With his wife and three of his five children seated with him, Haggard denied having sex with Jones but admitted he once bought methamphetamine, decided not to use it, and threw it away.
Also Friday morning, Jones had failed portions of a lie- detector test concerning his answers to questions about the sex he said took place. Haggard seized on the failure, saying Jones had been deceptive.
Haggard insisted that he met Jones simply wanting a massage.
Ross Parsley, who had stepped in as interim pastor when Haggard was placed on administrative leave, will continue to run the church until a replacement can be found.
The overseers said they hoped to replace Haggard by the end of this year.
The $18 million sanctuary, with seating for 7,500, is the largest worship space in Colorado.
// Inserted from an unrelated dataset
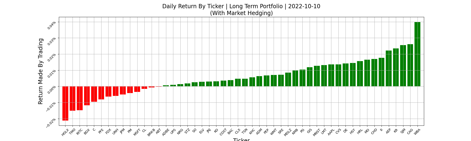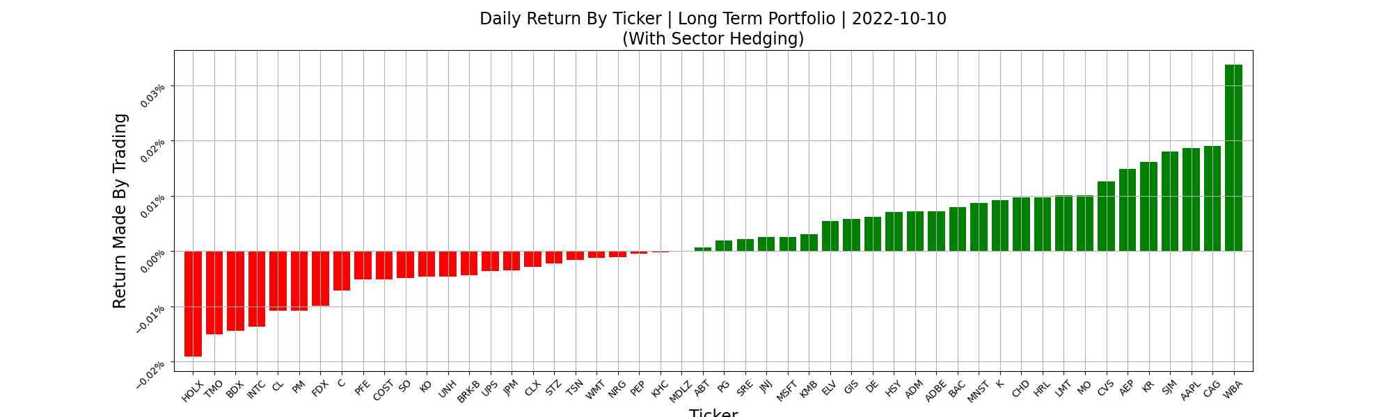 The first reason is that sector hedging was less effective than market hedging. We don’t see this too often, but it does happen. Sector hedging most tickers today would have beaten the market, but you would have done better with our portfolio if you only market hedged. This is the first reason the market hedgers beat the sector hedgers today.

Officials carted in crates of tissue boxes Saturday evening in preparation for today's services.
Staff writers Katharine Bernuth and Kirk Mitchell contributed to this report.
Staff writer Chuck Plunkett can be reached at 303-954-1333 or email@example.com.
Accuser shares voice mails
Transcript of voice-mail messages received by Michael Forest Jones, who identified "Art" as the Rev. Ted Haggard:
"Hi, Mike, this is Art. Hey, I was just calling to see if we could get any more. Either $100 or $200 supply. And I could pick it up really anytime. I could get it tomorrow or we could wait till next week sometime, and so I also wanted to get your address. I could send you some money for inventory, but that's probably not working, so if you have it, then go ahead and get what you can and I may buzz up there later today, but I doubt your schedule would allow that unless you have some in the house. OK, I'll check in with you later. Thanks a lot, bye." (Aug. 4, 2:18 p.m.)
"Hi, Mike, this is Art. I am here in Denver and sorry that I missed you. But as I said, if you want to go ahead and get the stuff, then that would be great. And I'll get it sometime next week or the week after or whenever. I will call though you early next week to, uh, see what's most convenient for you. OK? Thanks a lot, bye. (Aug. 4, 5:10 p.m.)
Haggard's fall from power began Wednesday, when Jones, 49, a bodybuilder, said Haggard had paid him for sex. Jones said that the relationship was built over monthly visits for three years and that Haggard also used methamphetamine.
"I hadn't heard," Jones said when told of Haggard's firing. "I'm sad. I didn't want to ruin his life or his family's life."